Don't forget to pickup the review tags from the previous versions. If 
you use the b4 tool it does it automatically:

Reviewed-by: James Clark <james.clark@linaro.org>
Namhyung Kim Oct. 28, 2024, 4:40 p.m. UTC | #3
Hello,

On Fri, Oct 25, 2024 at 03:30:05PM +0100, Graham Woodward wrote:
> Currently the --itrace=b will only show branch-misses but this change
> allows perf to synthesize branches as well.
> 
> The change also incorporates the ability to display the target
> addresses when specifying the addr field if the instruction is a branch.
> 
> Graham Woodward (4):
>   perf arm-spe: Set sample.addr to target address for instruction sample
>   perf arm-spe: Use ARM_SPE_OP_BRANCH_ERET when synthesizing branches
>   perf arm-spe: Correctly set sample flags
>   perf arm-spe: Update --itrace help text

It doesn't apply to perf-tools-next cleanly.  Can you please rebase?

Thanks,
Namhyung

> 
>  tools/perf/Documentation/itrace.txt       |  2 +-
>  tools/perf/Documentation/perf-arm-spe.txt |  2 +-
>  tools/perf/builtin-script.c               |  1 +
>  tools/perf/util/arm-spe.c                 | 31 ++++++++++++++++++-----
>  tools/perf/util/auxtrace.h                |  3 +--
>  tools/perf/util/event.h                   |  1 +
>  6 files changed, 29 insertions(+), 11 deletions(-)
> 
> -- 
> 2.40.1
>
Leo Yan Oct. 29, 2024, 5:03 p.m.
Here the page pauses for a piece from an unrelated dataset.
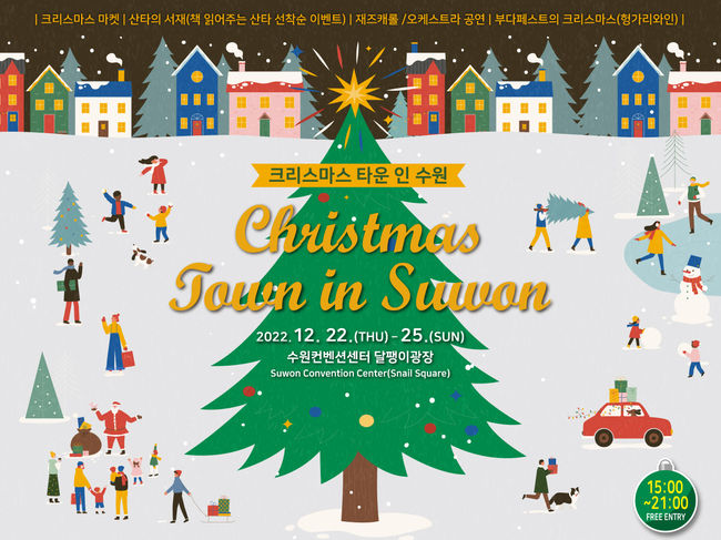수원컨벤션센터가 12월 22~25일 오후 3시부터 9시까지 수원컨벤션센터 광장 일원에서 ‘2022 크리스마스 타운 인 수원’ 행사를 연다고 밝혔다.

UTC | #4
Hi Namhyung,

On Mon, Oct 28, 2024 at 09:40:21AM -0700, Namhyung Kim wrote:
> 
> Hello,
> 
> On Fri, Oct 25, 2024 at 03:30:05PM +0100, Graham Woodward wrote:
> > Currently the --itrace=b will only show branch-misses but this change
> > allows perf to synthesize branches as well.
> >
> > The change also incorporates the ability to display the target
> > addresses when specifying the addr field if the instruction is a branch.
> >
> > Graham Woodward (4):
> >   perf arm-spe: Set sample.addr to target address for instruction sample
> >   perf arm-spe: Use ARM_SPE_OP_BRANCH_ERET when synthesizing branches
> >   perf arm-spe: Correctly set sample flags
> >   perf arm-spe: Update --itrace help text
> 
> It doesn't apply to perf-tools-next cleanly.  Can you please rebase?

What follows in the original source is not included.